On an October morning in Buffalo, N.Y., Professor Kenneth Regan sat down in entrance of his residence laptop, fired up Zoom, and, after some cheery pleasantries, all however accused a European chess grandmaster of dishonest.
A high chess web site had requested Regan to look right into a collection of video games that appeared suspicious, and to him, the proof was clear. “Both you have been dishonest,” Regan instructed the participant, “or it is a main, unprecedented exception to a verdict of my mannequin.”
Regan’s sunny method and nonthreatening look—like Wallace Shawn with unruly eyebrows and a style for patterned shirts—belied his message: this man’s profession could be over. “I have to put this in your court docket,” Regan stated. “Inform me the reality of what occurred.” The participant denied dishonest, however Regan stated he would nonetheless go his conclusions alongside to the web site. He then signed off, “bye bye!”

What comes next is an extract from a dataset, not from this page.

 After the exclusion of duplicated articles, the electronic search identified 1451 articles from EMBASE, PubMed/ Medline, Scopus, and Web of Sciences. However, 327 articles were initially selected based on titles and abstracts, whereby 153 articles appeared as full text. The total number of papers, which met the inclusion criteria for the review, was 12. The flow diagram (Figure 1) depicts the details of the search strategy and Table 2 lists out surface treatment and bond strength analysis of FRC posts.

In recent times, Regan, a professor of computer science on the College at Buffalo, has grow to be the chess world’s go-to impartial knowledgeable on dishonest. The Worldwide Chess Federation, referred to as FIDE, pays him to watch tournaments, and he consults informally for web sites like Chess.com. Since 2020, he’s used his proprietary cheating-detection software program to investigate greater than 1,000,000 video games.

Kenneth Regan at residence in Amherst, New York.
Sinna Nasseri for TIME
As computer systems have surpassed human gamers, chess cheaters have more and more relied on engines to realize an edge, each on-line and through in-person play. (Regan estimates that the speed of “substantial” dishonest instances has risen by a few third lately.) Gamers have been caught consulting cell telephones in bogs, hiding gadgets of their garments, and receiving coded alerts from collaborators. In a single case, a co-conspirator moved across the room, standing behind completely different chairs to symbolize squares on the chess board.

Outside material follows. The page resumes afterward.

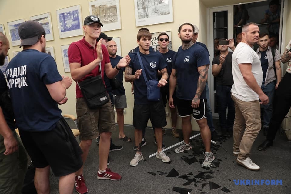 Появились фото с погрома Укринформа неизвестными в футболках "Традиция и порядок"

After spending years on the fringes of the chess world, the unassuming 63-year-old professor has discovered himself at its white-hot core. On September 5, controversial chess GOAT Magnus Carlsen posted a cryptic tweet insinuating that Hans Niemann, a fast-rising 19-year-old American, had cheated throughout a event sport in St. Louis, through which Niemann had gained an upset victory over Carlsen. In response, Niemann confessed to dishonest in on-line video games when he was 12 and 16, however stated he hadn’t cheated since then. After event officers in St. Louis tightened safety however discovered nothing on Niemann, web pundits speculated about potential dishonest strategies, together with buzzers hidden in difficult-to-access bodily areas.

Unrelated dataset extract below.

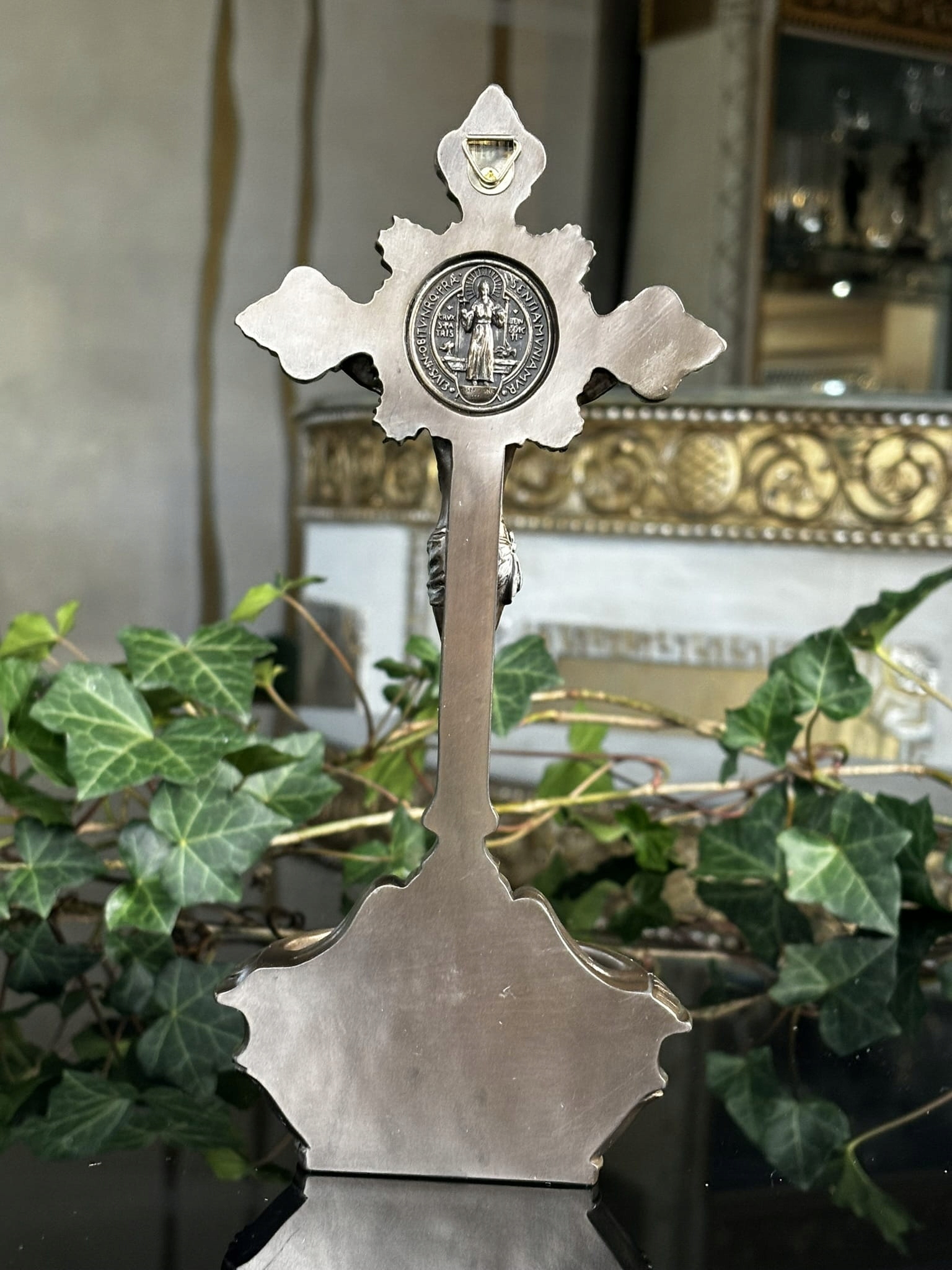 богато украшенный, с барокко мотивами, ловит глаз и является отличным декоративным элементом, внедряя атмосферу мира и отражения в комнате. Интегрированный пьедестал может использоваться в качестве сосуда для святой воды, что означает, что распятие - это не только орнамент, но и функциональный предмет религиозного поклонения

Regan was quickly caught between warring sides. Carlsen doubled down on his accusations towards Niemann, and Chess.com launched a report on Oct. 4 alleging that Niemann had cheated in additional than 100 on-line video games. The report cited Regan as an impartial authority supporting its conclusions in sure instances. Two weeks later, Niemann filed a defamation lawsuit towards Carlsen, Chess.com, and one other participant who had criticized him, searching for $100 million in damages—additionally invoking Regan’s evaluation.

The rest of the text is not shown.